[Expressions of osteogenesis related factors in mg63 cells co-cultured with domestic porous tantalum].

Objective: To investigate the feasibility of the domestic porous tantalum as scaffold material of bone tissue engineering by observing the expressions of osteogenesis related factors of MG63 cells co-cultured with domestic porous tantalum.

Methods: MG63 cells were cultured with porous tantalum scaffolds (group A), with porous tantalum leaching solution (group B), and with MEM as control group (group C). The cell adhesion of group A was observed on the scaffolds at 3, 5, and 7 days after culture by scanning electron microscopy (SEM); immunohistochemistry and Western blot methods were used to detect the expressions of Runt-related transcription factor 2 (Runx-2), osteocalcin (OC), and fibronectin (FN).
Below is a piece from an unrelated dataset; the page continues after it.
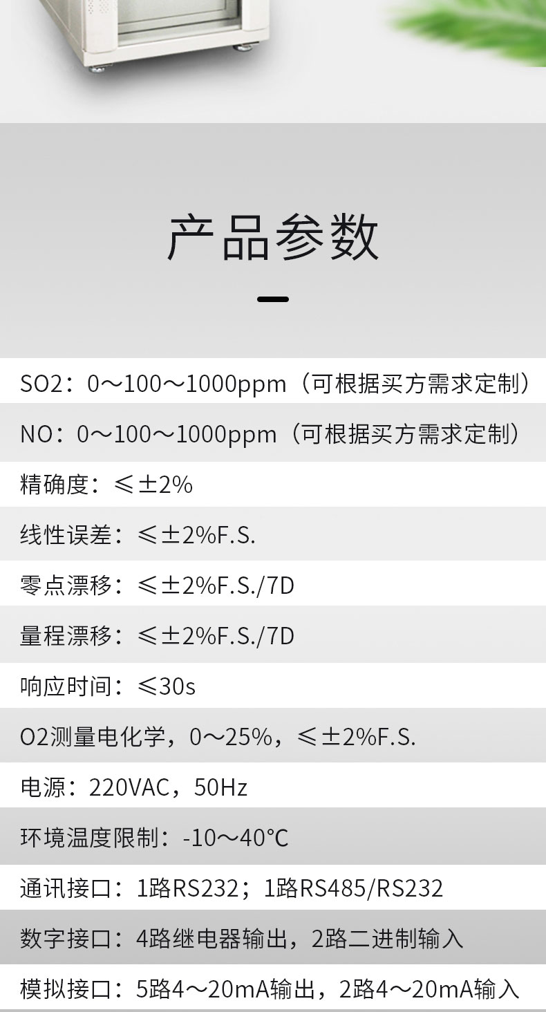 常规型CEMS烟气在线监测系统参数及范围

Results: At 3 days after culture, the cells of group A adhered the surface and pore of the porous tantalum scaffolds, with sparse cell arrangement and less protuberances; at 5 days after culture, adjacent cells connected to be a flat each other, which covered the surface and pore of the scaffold; at 7 days after culture, cells secreted plenty of extracellular matrix, covering most of the material surface. The expressions of Runx-2, OC, and FN were positive in 3 groups; darker staining of the cytoplasm was observed in group A, the expressions were significantly higher in group A than in other 2 groups. The results of immunohistochemistry and Western blot showed that the expressions of Runx-2 and OC were significantly increased in group A when compared with those in groups B and C (P < 0.05), but no significant difference was found between groups B and C (P > 0.05). The expression of FN had no significant difference among 3 groups (P > 0.05).

Conclusion: Domestic porous tantalum could promote MG63 cells adhesion and growth, and may promote the expressions of Runx-2 and OC, so it can be used as a scaffold material of bone tissue engineering.